Shane worked with his grandfather until his death in 2017.
“I worked several positions as an administrative assistant while going to college,” Ashley said. “I’ve been a licensed bail-bond agent for seven years and am … employed by Triple R Bail Bonds.
“Shane left outside work to farm for ourselves full time in May 2018, and I followed in May 2019,” Ashley said, adding that she still does bail-bonding work on a part-time basis.
The family is involved with The CALL of Cleburne County as a foster family. They adopted their two oldest children after fostering them for a while.
The Masons are now fostering two young boys — a 2-year-old and a four-year-old.
“We started fostering in January 2018 and drove to North Carolina to get Paige, then 15, from the Department of Human Services in June 2018,” Ashley said. “We started fostering Stormy, then 14, in August 2019 and adopted both of them on May 28 of this year. We’ve known them for seven years. We have fostered 19 other kids in the 2 1/2 years we’ve been fostering.”
Paige graduated from the Arkansas Virtual Academy this year so she could get her CNA (certified nursing assistant) license before starting college. She is beginning her first semester at the University of Arkansas Community College at Batesville to pursue a registered-nursing license, then plans to transfer to a yet-undecided college to obtain a Bachelor of Science in Nursing degree.
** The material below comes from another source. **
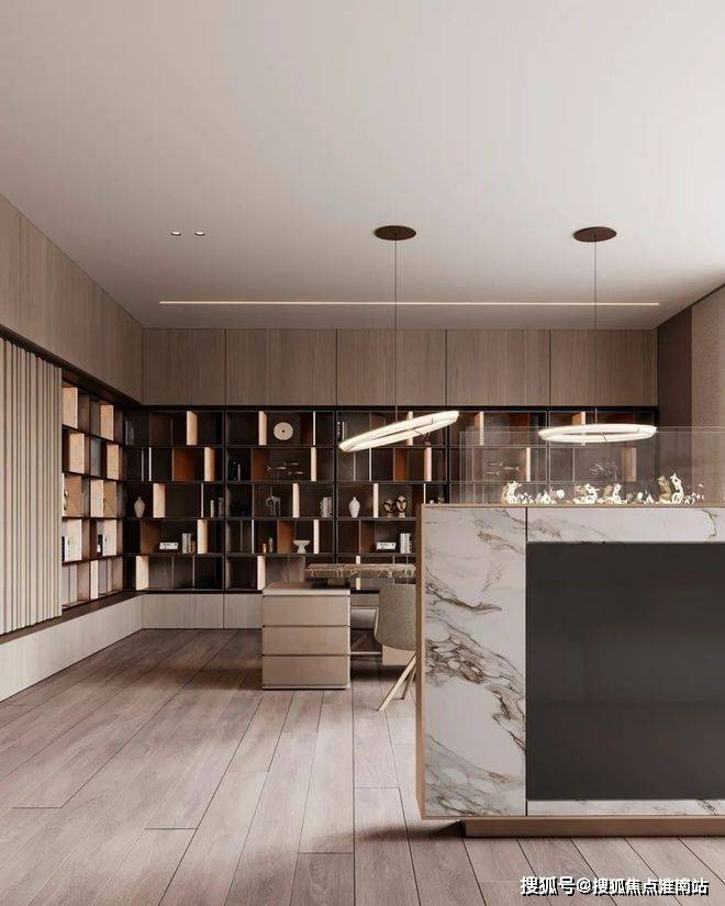 上海浦东绿宝园·翡梵售楼处电话:400-8818-994绿宝园·翡梵官方电话:400-8818-994浴室的细节设计让人感受到线条的美,书房的收纳柜满足了使用者的收纳喜好。同时,吊灯和灯子的相互搭配也给这个空间带来了不一样的对称美。

Ava is a student in the West Side School District in Greers Ferry, where she plays basketball and softball. Stormy, Holden and Talyn, who plays basketball and softball, are home-schooled.
All of the children are involved in church activities at Maranatha Assembly of God in Shirley, and they all help with daily family chores.
Shane and Ashley are leaders in the LIFE (Living in Freedom Everyday) Recovery Group, which is a recovery program/support group for anyone in the area struggling with a life-controlling issue. Both also teach children’s church at Maranatha.